In 2009 she won Country Liberals pre-selection for Solomon, the marginal Labor seat that had been held by Damian Hale since the 2007 election. At the 2010 election, she won with a two-party-preferred margin of 1.75 percent from a 1.94 percent swing. She therefore became the first opposition member in the seat's history. She became the first female member of the House of Representatives to represent the Northern Territory. She also sat with the Liberal Party in federal parliament. During her first term she opposed the construction of a nuclear waste facility in the Northern Territory arguing that science, and not politics, should determine its location.

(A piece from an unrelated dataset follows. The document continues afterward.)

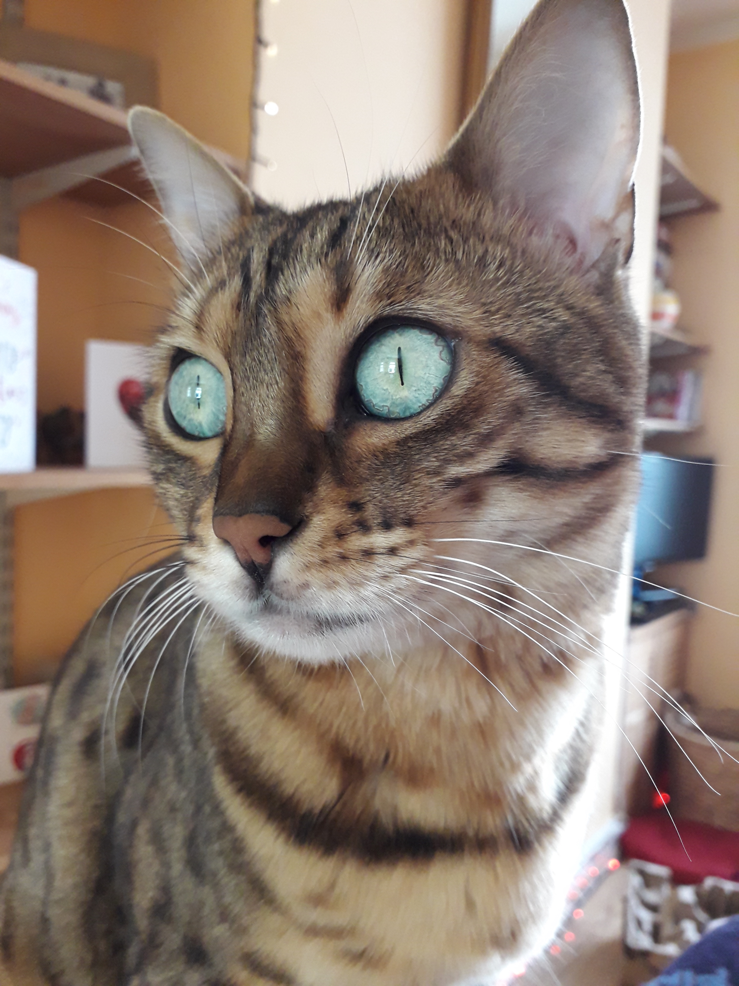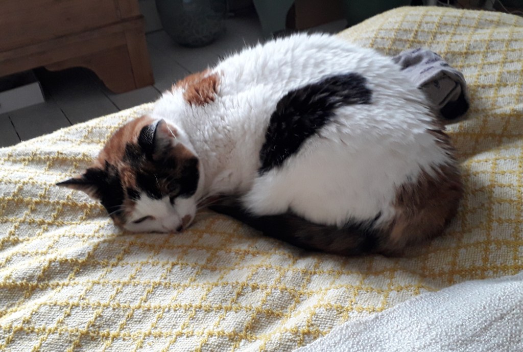 I thought it would be fun to post me and Sefi chatting after I’ve been away a few days. Don’t tell Sefi but I’ve been up the road cat sitting her cousin: my sister and wife’s beautiful calico angel. (pic below). Anyway, my Otter app has transcribed my voice, but not Sefi’s! Still, I think it’s pretty obvious what she’s saying. Listen below:

Griggs also campaigned strongly against the removal of houses from RAAF Base Darwin, championed the need for on-going support for Defence Force personnel returning home from deployment overseas and gained bi-partisan support to have 19 February, Bombing of Darwin Day, declared a National Day of Observance.

Between 2010 and 2013 Griggs was a member of three parliamentary committees: the House of Representatives Standing Aboriginal and Torres Strait Islander Affairs Committee, the Joint Standing National Capital and External Territories Committee and the Joint Select Australia's Immigration Detention Network Committee.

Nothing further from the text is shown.